Безумствовал ветер. С утра до вечерней зари поднимал и гнал он над дорогами густую пыль. Летучие стаи перекати-поля мчались по степи подобно распуганным волками стаям обезумевших от страха сайгаков.

Филарет Нашатырь лежал, притаясь, в траве. Изредка приподнимая голову, он настороженно прислушивался к шуму ветра, к яростному стрекоту кузнечиков и с пытливой подозрительностью оглядывался по сторонам. Но никого не было видно среди этой желтой, знойной, искрящейся степной пустыни. И от той далекой вехи, невнятно маячившей на горизонте, которую видел острым iлазом Филарет, он чувствовал свое одиночество затерявшегося в степи человека еще острее и горше.
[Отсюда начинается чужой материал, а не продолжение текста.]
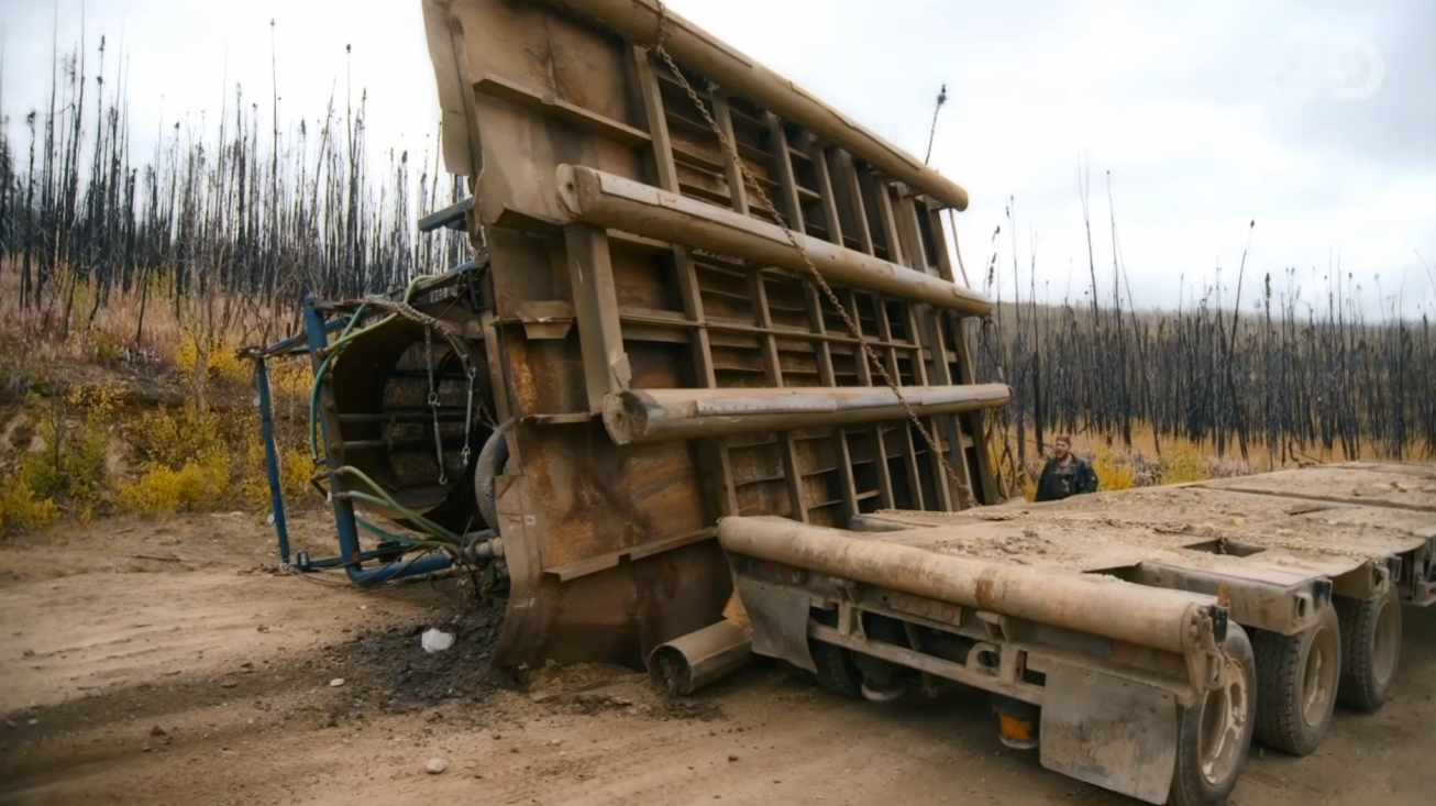 Tony’s 25-ton Kiwi wash plant was expected to be a key asset in the push for more gold at Dominion Creek. But the plan hit a major snag when the massive wash plant, dropped off by Tony’s youngest son, Mike Beats, fell off the low boy transport. A moment of tension unfolded as Mike, initially unaware of the severity of the issue, was called to get his father to inspect the damage.
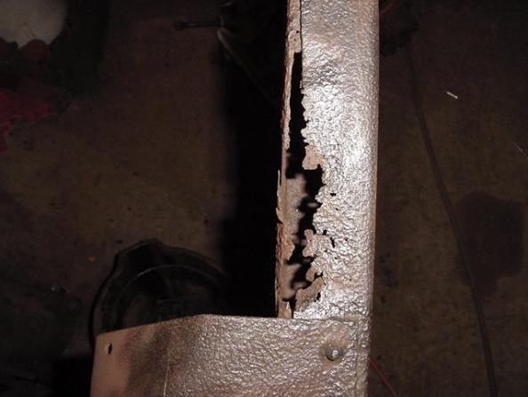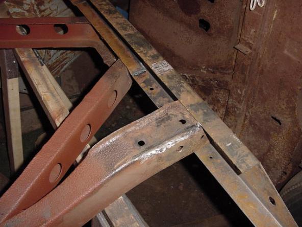 | Reproduction front Bumper Gussets being added, above left photo. The original gussets were not able to be salvaged. This view is from the bottom of the frame. Note the "F" marks on these reproductions. Although nicely marked, the small "F" will be hidden by the bumper. Underside of frame, passenger side, behind motor mount, above right photo. Many GPW's have this type of corrosion due to mud and water collecting in the bottom of the frame rails. |
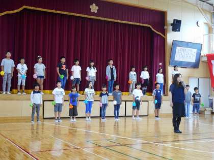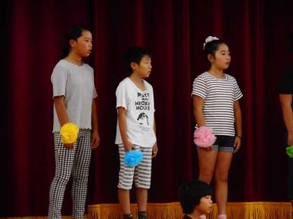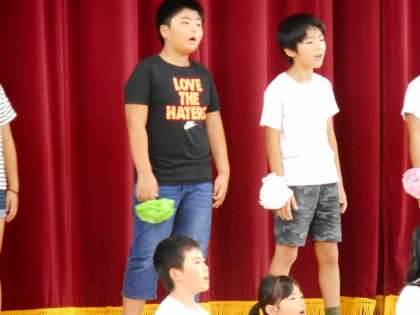 敬老会第2部のアトラクション最初のプログラムは、安子島小児童による合唱。心をこめて「かけがえのないこと」を3〜6年生で歌いました。
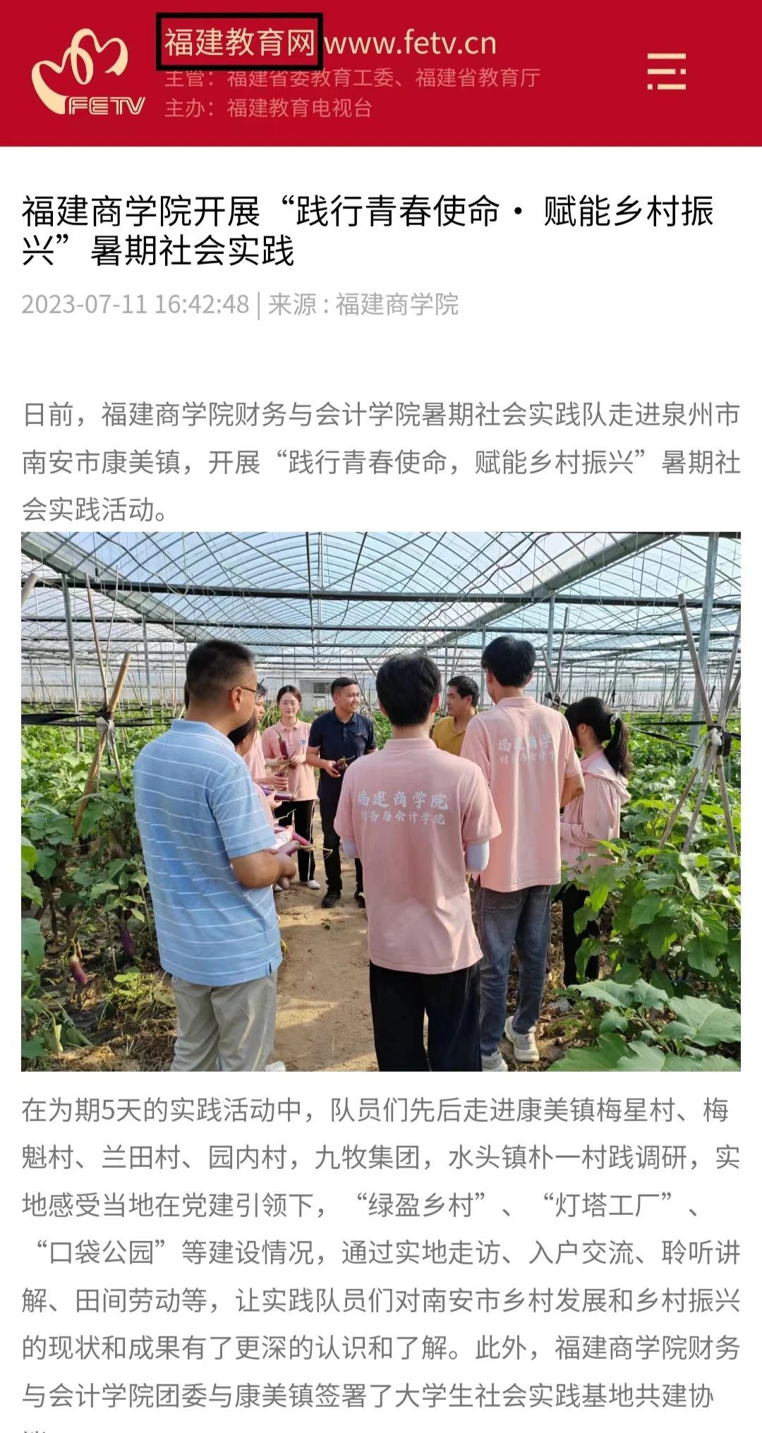 近日,福建教育网报道了公司乡村振兴促进团走进南安市康美镇,开展“践行青春使命,赋能乡村振兴”暑期社会实践活动。(具体链接请点击左下方“阅读原文”)
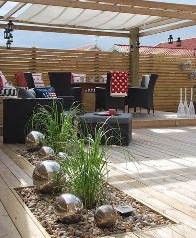Skippa krukorna och plantera direkt på golvet. Nedsänkta planteringar med sten och gröna växter ger altanen en snygg japansk look. Källa
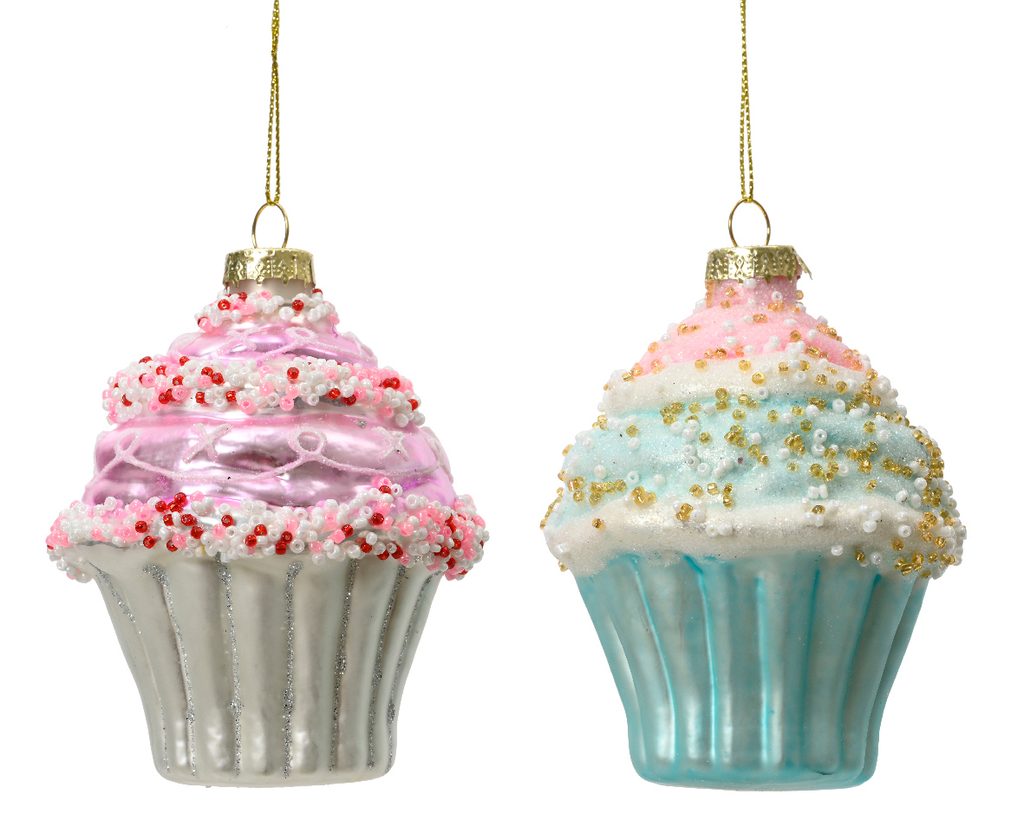 Dopřejte svému vánočnímu stromečku kouzlo sladkých Vánoc s těmito krásnými skleněnými ozdobami. Dvě originální dekorace ve tvaru cupcaku v cukrové růžové a modré barvě s třpytivými pruhy dodají vašim svátkům jiskru a veselou atmosféru. Skleněné ozdoby jsou precizně vyrobené s důrazem na detail, doplněné korálkovým posypem, který zvýrazní jejich eleganci. Perfektní pro zdobení vánočního stromečku nebo jako stylová vánoční dekorace do interiéru. Ideální volba pro milovníky tradičních Vánoc i moderního designu.
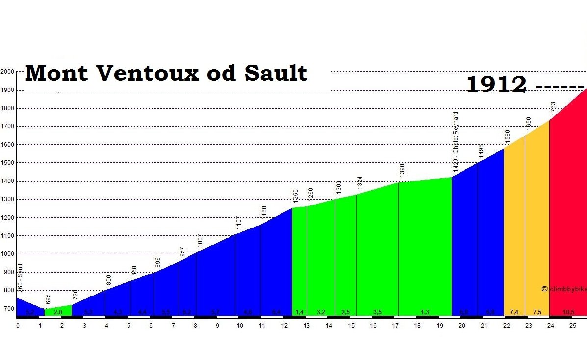 Mont Ventoux - nablížení busem do Sault na úpatí nejvyšší hory Provence - MONT VENTOUX 1909m a odtud je hned několik možností. Kaňonem Nesque zpět - ať už s výjezdem na vrchol či bez něj nebo zdolání vrcholu a nejkratší cestou zpět. 67-90-116km mapka nebo mapka
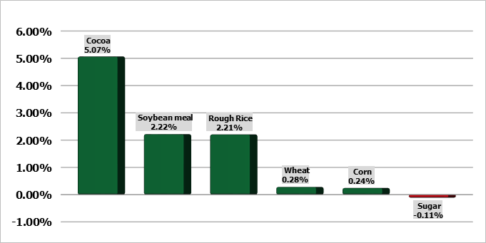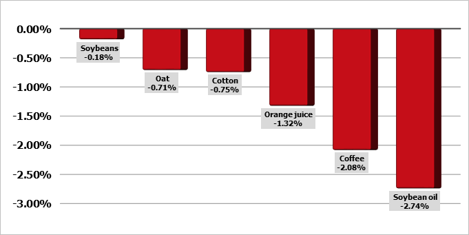 Соевые бобы торговались с приростом в понедельник от 2 до 7 центов. Фьючерсы на соевую муку упали на 2 доллара за тонну на сессии по сентябрьскому контракту. Фьючерсы на соевое масло упали на 49 пунктов по сентябрьскому контракту. Отчет FGIS Export Inspections Министерства сельского хозяйства США показал, что поставки за неделю, закончившуюся 1 августа, составили 261 203 тонн (9,56 млн бушелей). Это на 10,2% меньше, чем за ту же неделю прошлого года, и на 36,1% меньше, чем за предыдущую неделю. Индонезия была ведущим пунктом назначения с 85 629 тонн, поскольку 76 838 тонн были направлены в Мексику.
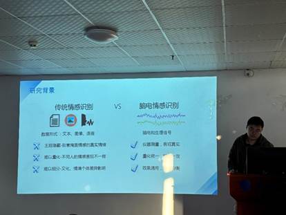陈宇同学分享的主题是“Research on EEG Emotion Recognition Based on Deep Learning”,他强调在当前快节奏、高压力的生活环境中,人们很容易长期处于心理亚健康状态,这可能导致一些不易察觉的心理疾病。为了更好地理解和应对这一问题,基于客观信号的脑电情绪识别研究显得尤为重要。基于深度学习的脑电情绪识别研究不仅仅是技术性的探索,它还涵盖了从数据集的选择、数据采集设备的应用、实验的整体设计流程,到数据的输入、预处理、可视化和特征提取等多个方面。我们有望更好地理解人类情绪,并在未来为心理健康问题的诊断和治疗提供新的视角和工具。
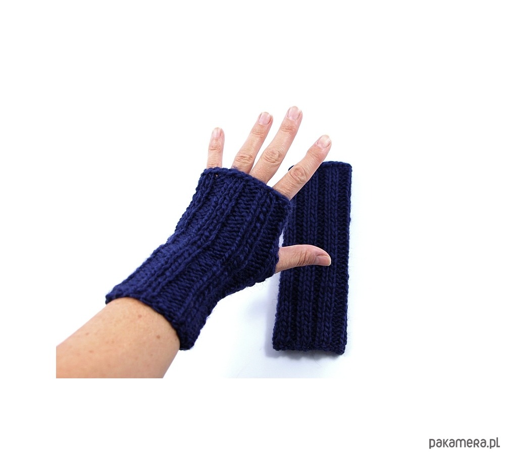 Cieplutkie mitenki zrobione na drutach z włóczki w kolorze granatowym. Z boku mają otwór na kciuk.
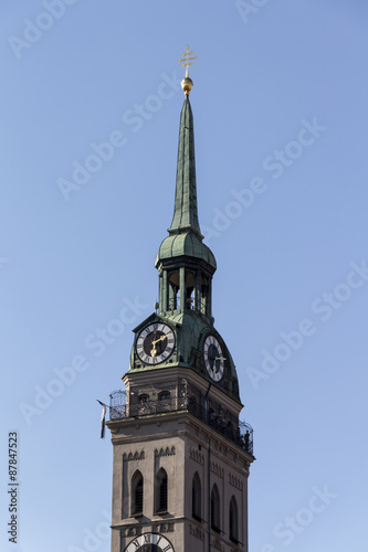 Tower of the St. Peter Church in Munich, Germany, 2015
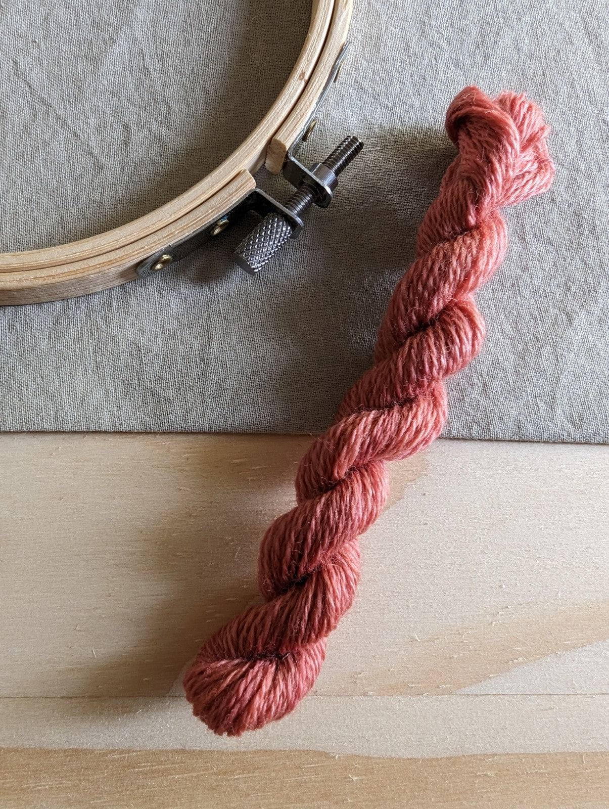 Ce fil à broder, très solide, est une laine d’agneau de très grande qualité peignée et filée dans le nord de l’Italie. Il est teint à la main avec des plantes, ici dans notre atelier de teinture en Isère. Il possède une brillance exceptionnelle pour un fil 100% laine.
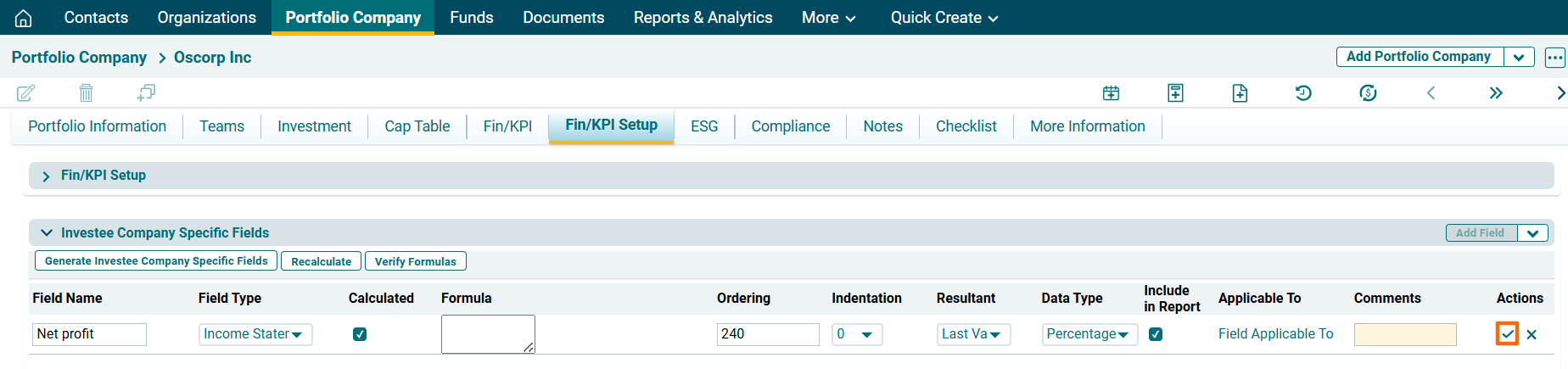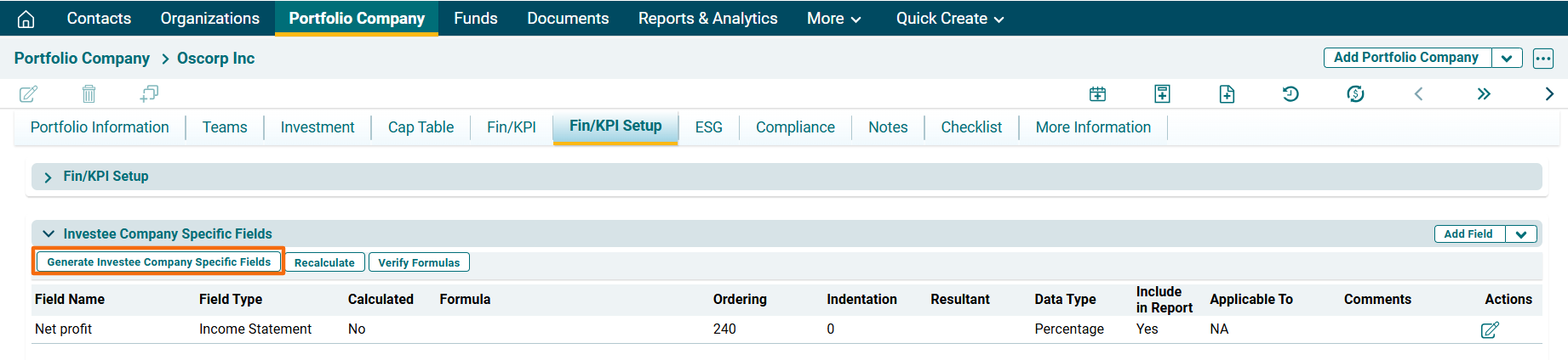 Navigate to Investee Company Specific Fields panel.
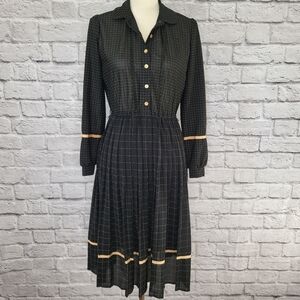 Ms Sugar dress vintage black tan plaid pleated long sleeve button front Size 8

Филарет Нашатырь лежал на меже, до одури накурившись крепкого самосада, и целый день, с утра до вечера, с замиравшим от тревожной радости сердцем думал теперь все об одном и том же — о бурой белоногой кобыле, которую тайно привел вчера глубокой ночью с заимки Силантия Никулина и которая отныне была его собственностью! Правда, кобыла была в годах, припадала время от времени на передние ноги и отличалась недобрым норовом. Она, например, терпеть не могла болтающихся гужей в запряжке, а под седлом — слабой подпруги. И в том и в другом случае кобыла вставала на дыбы или била задом и, хоть ты ее убей тогда, не двигалась с места. Однако были за ней и достоинства. Славилась она не только дурным норовом, но и отборным приплодом. Вот почему не раз казахи — природные знатоки конских кровей — набивались к ее прежнему хозяину на выгодную меновую.

Погруженный в размышления о кобыле, Филарет за этот день не менее двадцати раз мысленно продавал ее на шумных степных ярмарках. Он видел себя в центре по-ярмарочному возбужденной, крикливой толпы базарных — мужиков, заезжих конокрадов и странствующих барышников, наперебой торговавших у него эту кобылицу. Но тут же Филарет мысленно убеждал себя в том, что ему гораздо выгоднее будет сменять кобылу на двух диких меринов и взять в придачу махровую опояску с кистями, такую же точно опояску, в какой раньше шлялся по ярмаркам Епифан Окатов, на которую в молодости с тайной завистью поглядывал Филарет Нашатырь и мечтать о которой он не разучился даже к старости. Филарет не знал, зачем ему нужна эта самая опояска. Да и заведи он ее — он никогда не. решился бы показаться в ней на людях. Однако он продолжал всю жизнь упорно мечтать о том счастливом дне, когда подпояшет он такой опояской свой желтый дубленый полушубок и отправится в гости куда-нибудь в дальний аул или к Елизару Дыбину.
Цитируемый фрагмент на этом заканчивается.